Thursday, October 29, 2009

SEBI ban ineffective on debarred players

MUMBAI: How effective are SEBI orders banning individuals and entities from trading in the stock markets as a penalty for manipulative practices?

If Dalal Street veterans are to be believed, such curbs matter little as the debarred players can easily work their way around.

As surveillance officials in regulatory bodies (including stock exchanges) admit, enforcing the ban is far more difficult than handing out the punishment. "Float a private limited company, appoint some relative or close acquaintance as a director, and invest through this firm without drawing attention to yourself," said a market old-timer while talking on the modus operandi of players who have fallen foul of the regulator.

The more sophisticated players transfer their money out of the country, through hawala or some other convenient route, and deposit it with a friendly foreign bank. The bank then routes this money to a tax haven-registered sub-account of a foreign institutional investor (FII), with instructions to invest that money in specific stocks in India.

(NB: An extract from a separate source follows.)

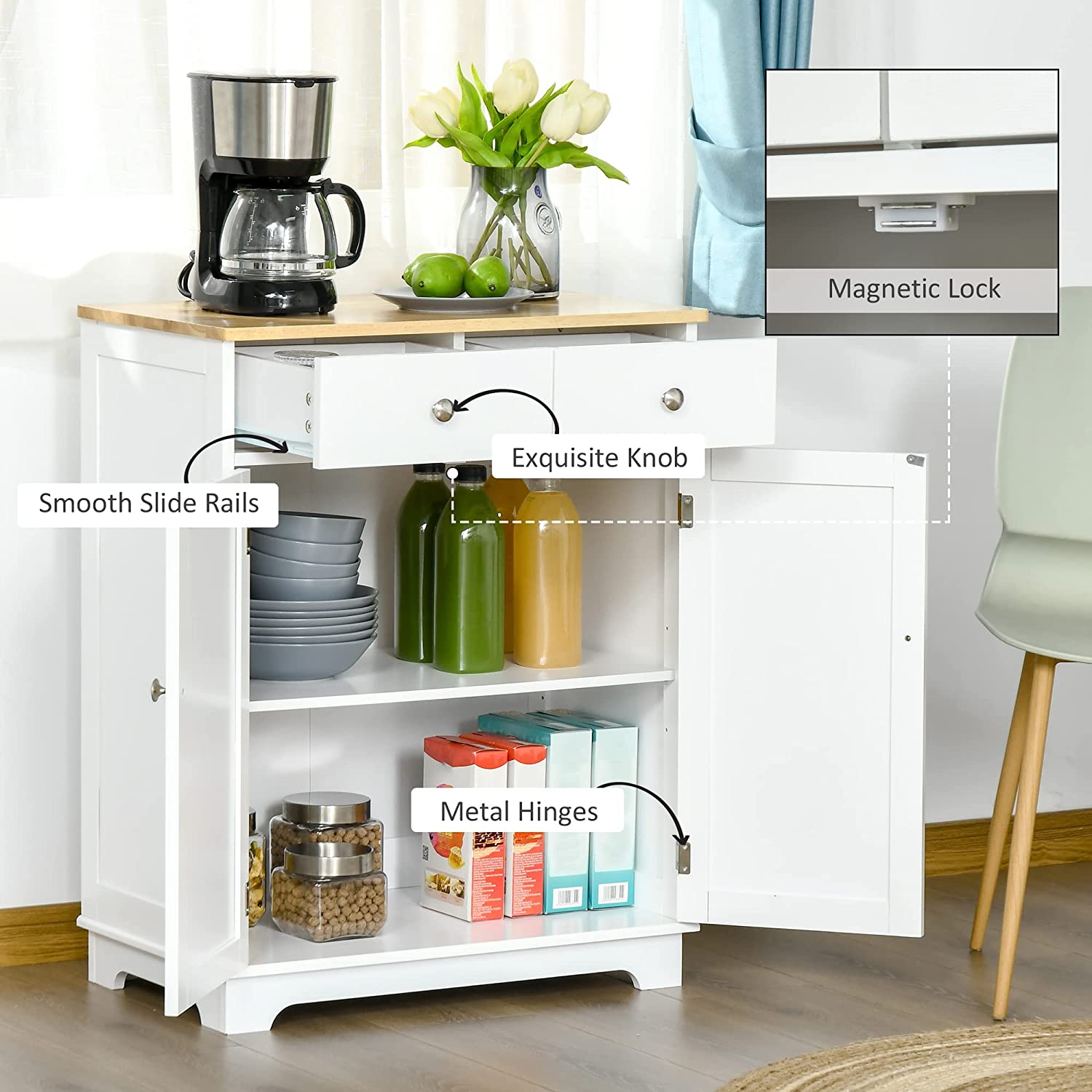 HOMCOM Double Door Sideboard Buffet Cabinet, Kitchen Cabinet, Coffee Bar Cabinet with 2 Drawers, Adjustable Shelf for Living Room and Hallway, White

Back home, there are any number of brokers willing to execute trades on behalf of debarred players, as long as the margin commitments are met and brokerage commissions paid. In June this year, SEBI stumbled upon evidence showing that scam-tainted broker Ketan Parekh — banned by the regulator from the stock market for 14 years in 2003 — has been trading in shares using certain entities as fronts.

Another such market player, banned from trading in shares of Atlanta in 2007, is said to have established himself as a specialist in rigging mid-cap stocks, often in collusion with the management. Brokers say he was the kingpin of the bull cartel that ramped up the stock price
of realty firm Akruti from Rs 800 to Rs 2,200 during February-March this year.

Over the years, technological advancements have made it possible for regulators to quickly zero in on suspicious transactions/movements in stocks. At the same time, market operators too have been honing their skills to keep the regulator at bay. This includes using a chain of obscure investment firms, and retail investors who are willing to "lend" their accounts for transactions on behalf of the operators.

The toughest part for the regulator is to prove that the transactions have been done on behalf of the debarred individuals. The brokers can always claim that they had done their due-diligence as far as the Know-Your-Client (KYC) requirements are concerned.

It is rare that the broker may be unaware of who the end-client is, but the onus is on SEBI to prove that. Operators who trade on a big scale have tie-ups with a dozen odd brokerages. At each of these brokerages, there is a set of clients, which act as fronts for this operator. This way, there is little concentration of volumes at any single brokerage house, or in the account of any one client.